↓

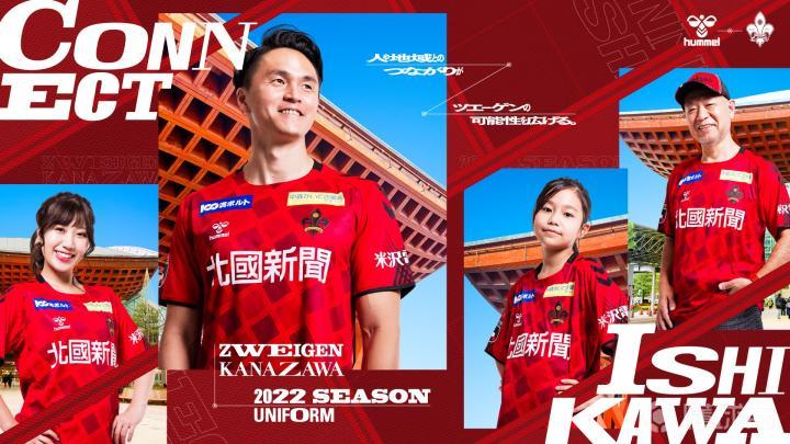 日本J2球队金泽萨维根发布2022全新主客场球衣。
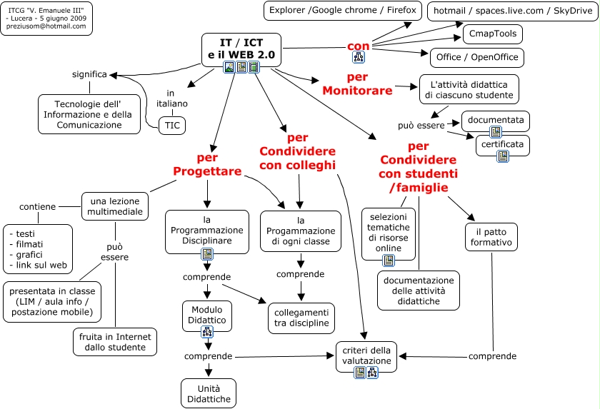 Questa Cmap, creata con IHMC CmapTools, contiene informazioni relative a: Home Page, una lezione multimediale contiene - testi - filmati - grafici - link sul web, Modulo Didattico comprende criteri della valutazione, la Programmazione Disciplinare comprende collegamenti tra discipline, la Programmazione Disciplinare comprende Modulo Didattico, IT / ICT e il WEB 2.0 per Progettare una lezione multimediale, L'attività didattica di ciascuno studente può essere documentata, una lezione multimediale può essere fruita in Internet dallo studente, TIC significa Tecnologie dell' Informazione e della Comunicazione, IT / ICT e il WEB 2.0 con Explorer /Google chrome / Firefox, Modulo Didattico comprende Unità Didattiche, IT / ICT e il WEB 2.0 per Condividere con colleghi criteri della valutazione, IT / ICT e il WEB 2.0 con hotmail / spaces.live.com / SkyDrive, IT / ICT e il WEB 2.0 per Condividere con colleghi la Progammazione di ogni classe, L'attività didattica di ciascuno studente può essere certificata, IT / ICT e il WEB 2.0 con Office / OpenOffice, una lezione multimediale può essere presentata in classe (LIM / aula info / postazione mobile), IT / ICT e il WEB 2.0 per Condividere con studenti /famiglie il patto formativo, il patto formativo comprende criteri della valutazione, IT / ICT e il WEB 2.0 con CmapTools, IT / ICT e il WEB 2.0 per Progettare la Progammazione di ogni classe
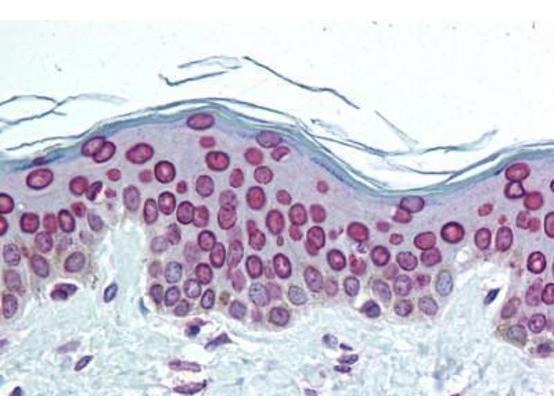 Usage: Immunohistochemistry: This antibody was validated for use in immunohistochemistry on a panel of 21 formalin-fixed, paraffin-embedded (FFPE) human tissues after heat induced antigen retrieval in pH 6.0 citrate buffer. After incubation with the primary antibody, slides were incubated with biotinylated secondary antibody, followed by alkaline phosphatase-streptavidin and chromogen. The stained slides were evaluated by a pathologist to confirm staining specificity. The optimal working concentration for this antibody was determined to be 1:50. -
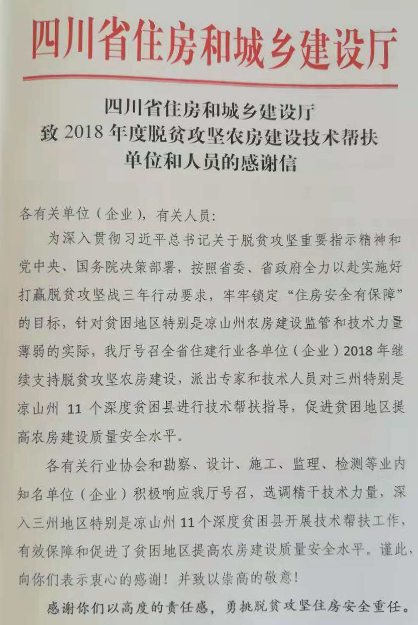 《感謝信》表示,感謝你們以高度的責(zé)任感,勇挑脫貧攻堅住房安全重任。在2016年、2017年對涼山州脫貧攻堅農(nóng)房建設(shè)技術(shù)幫扶支持的基礎(chǔ)上,再次組織和選調(diào)技術(shù)骨干,組成技術(shù)幫扶組駐守深度貧困縣,展現(xiàn)了住建行業(yè)模范企業(yè)的擔(dān)當(dāng)和風(fēng)采,發(fā)揮了行業(yè)榜樣的作用。感謝你們竭盡全力攻堅克難,與廣大貧困群眾同心同行確保安全。你們派駐的專家和專業(yè)技術(shù)人員走村寨、訪農(nóng)戶,深入脫貧攻堅農(nóng)房建設(shè)現(xiàn)場,吃苦耐勞、盡職盡責(zé),有效幫助地方完善農(nóng)房質(zhì)量安全監(jiān)管體系,培訓(xùn)指導(dǎo)建房工匠,及時發(fā)現(xiàn)質(zhì)量安全問題并指導(dǎo)各方責(zé)任主體落實整改,為保障三州脫貧攻堅農(nóng)房建設(shè)質(zhì)量安全做出了貢獻。
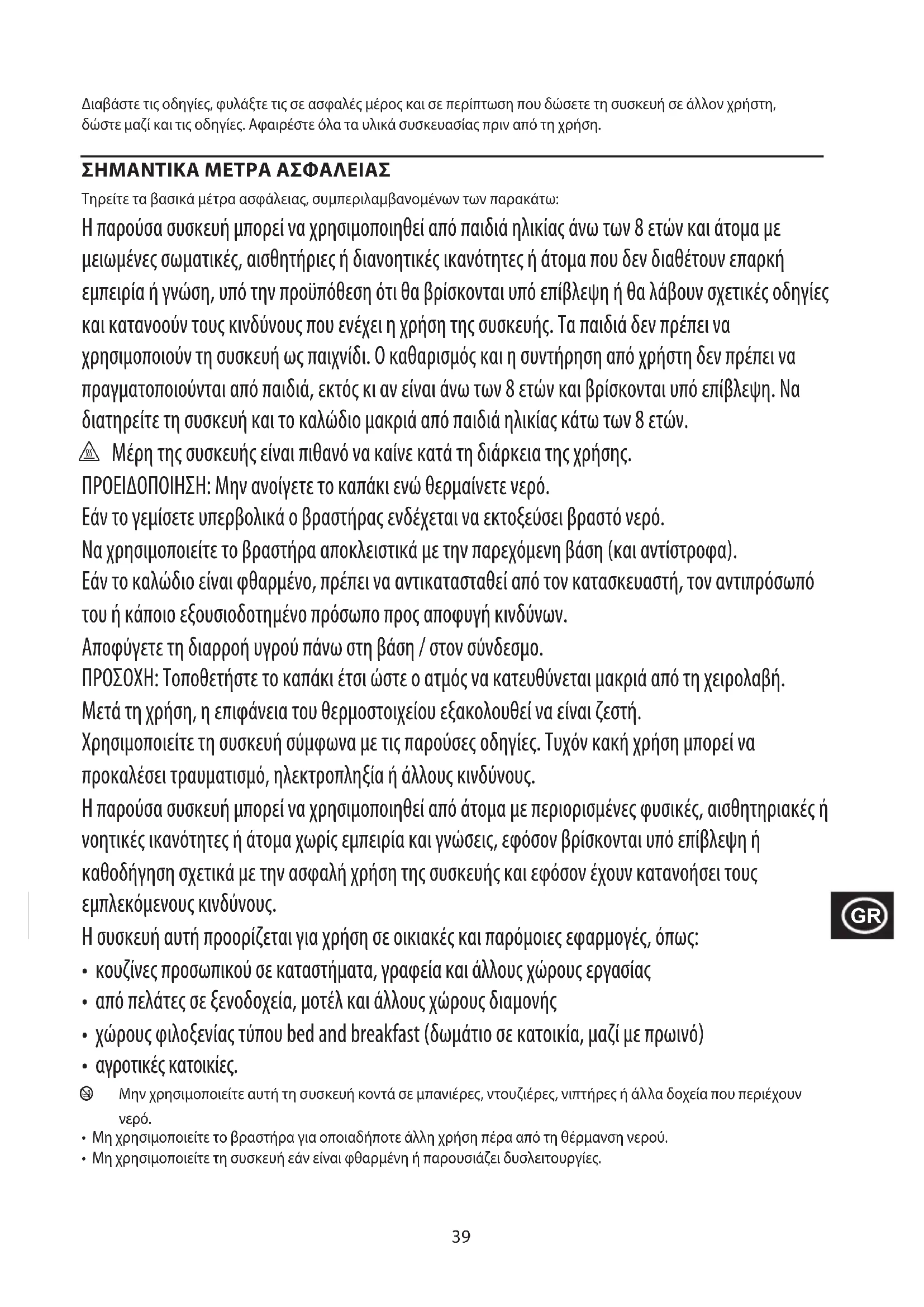 Τηρείτε τα βασικά μέτρα ασφάλειας, συμπεριλαμβανομένων των παρακάτω: Η παρούσα συσκευή μπορεί να χρησιμοποιηθεί από παιδιά ηλικίας άνω των 8 ετών και άτομα με μειωμένες σωματικές, αισθητήριες ή διανοητικές ικανότητες ή άτομα που δεν διαθέτουν επαρκή εμπειρία ή γνώση, υπό την προϋπόθεση ότι θα βρίσκονται υπό επίβλεψη ή θα λάβουν σχετικές οδηγίες και κατανοούν τους κινδύνους που ενέχει η χρήση της συσκευής. Τα παιδιά δεν πρέπει να χρησιμοποιούν τη συσκευή ως παιχνίδι. Ο καθαρισμός και η συντήρηση από χρήστη δεν πρέπει να πραγματοποιούνται από παιδιά, εκτός κι αν είναι άνω των 8 ετών και βρίσκονται υπό επίβλεψη. Να διατηρείτε τη συσκευή και το καλώδιο μακριά από παιδιά ηλικίας κάτω των 8 ετών. h Μέρη της συσκευής είναι πιθανό να καίνε κατά τη διάρκεια της χρήσης. ΠΡΟΕΙΔΟΠΟΙΗΣΗ: Μην ανοίγετε το καπάκι ενώ θερμαίνετε νερό. Εάν το γεμίσετε υπερβολικά ο βραστήρας ενδέχεται να εκτοξεύσει βραστό νερό. Να χρησιμοποιείτε το βραστήρα αποκλειστικά με την παρεχόμενη βάση (και αντίστροφα). Εάν το καλώδιο είναι φθαρμένο, πρέπει να αντικατασταθεί από τον κατασκευαστή, τον αντιπρόσωπό του ή κάποιο εξουσιοδοτημένο πρόσωπο προς αποφυγή κινδύνων. Αποφύγετε τη διαρροή υγρού πάνω στη βάση / στον σύνδεσμο. ΠΡΟΣΟΧΗ: Τοποθετήστε το καπάκι έτσι ώστε ο ατμός να κατευθύνεται μακριά από τη χειρολαβή. Μετά τη χρήση, η επιφάνεια του θερμοστοιχείου εξακολουθεί να είναι ζεστή. Χρησιμοποιείτε τη συσκευή σύμφωνα με τις παρούσες οδηγίες. Τυχόν κακή χρήση μπορεί να προκαλέσει τραυματισμό, ηλεκτροπληξία ή άλλους κινδύνους. Η παρούσα συσκευή μπορεί να χρησιμοποιηθεί από άτομα με περιορισμένες φυσικές, αισθητηριακές ή νοητικές ικανότητες ή άτομα χωρίς εμπειρία και γνώσεις, εφόσον βρίσκονται υπό επίβλεψη ή καθοδήγηση σχετικά με την ασφαλή χρήση της συσκευής και εφόσον έχουν κατανοήσει τους εμπλεκόμενους κινδύνους. Η συσκευή αυτή προορίζεται για χρήση σε οικιακές και παρόμοιες εφαρμογές, όπως:
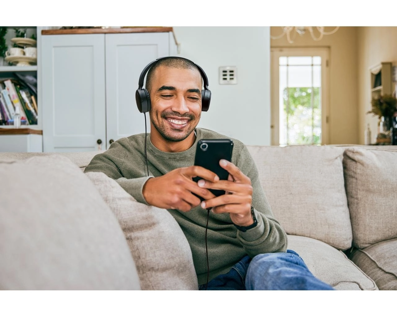 De intuïtieve bedieningsmodule op de kabel met volumeknoppen, een multifunctionele middelste knop en een schuifschakelaar maakt het beheren van gesprekken en media eenvoudig. Het platte, opvouwbare design bespaart ruimte in je tas en staat stijlvol op je bureau en in je thuissituatie.
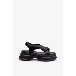 Dámske kožené sandále na robustnej podrážke čiernej farby GOE
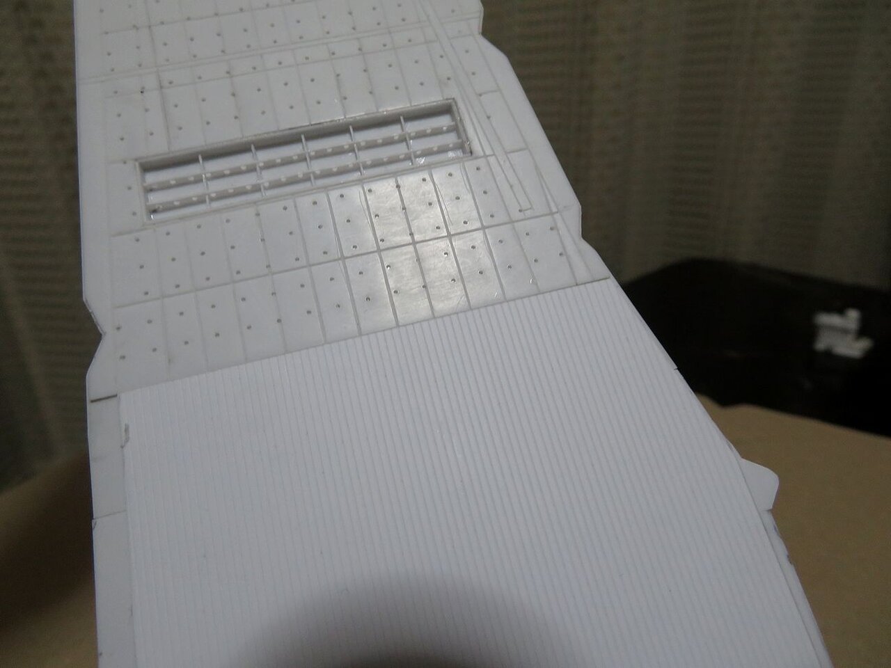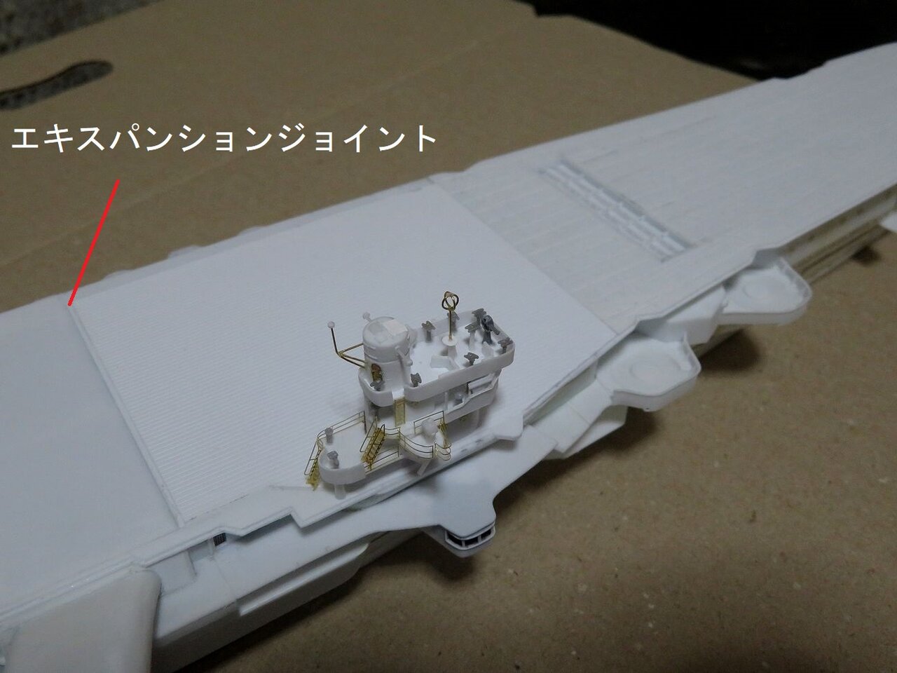 1/350の空母模型はかなりの大きさになりますので飛行甲板は3分割して製作しています。

↑

Work task =
Please set down the lines from the one with "De intuïtieve bedieningsmodule" to the end of the entries above, exactly as they are, and drop every picture.

Result of this task =
 De intuïtieve bedieningsmodule op de kabel met volumeknoppen, een multifunctionele middelste knop en een schuifschakelaar maakt het beheren van gesprekken en media eenvoudig. Het platte, opvouwbare design bespaart ruimte in je tas en staat stijlvol op je bureau en in je thuissituatie.
 Dámske kožené sandále na robustnej podrážke čiernej farby GOE
 1/350の空母模型はかなりの大きさになりますので飛行甲板は3分割して製作しています。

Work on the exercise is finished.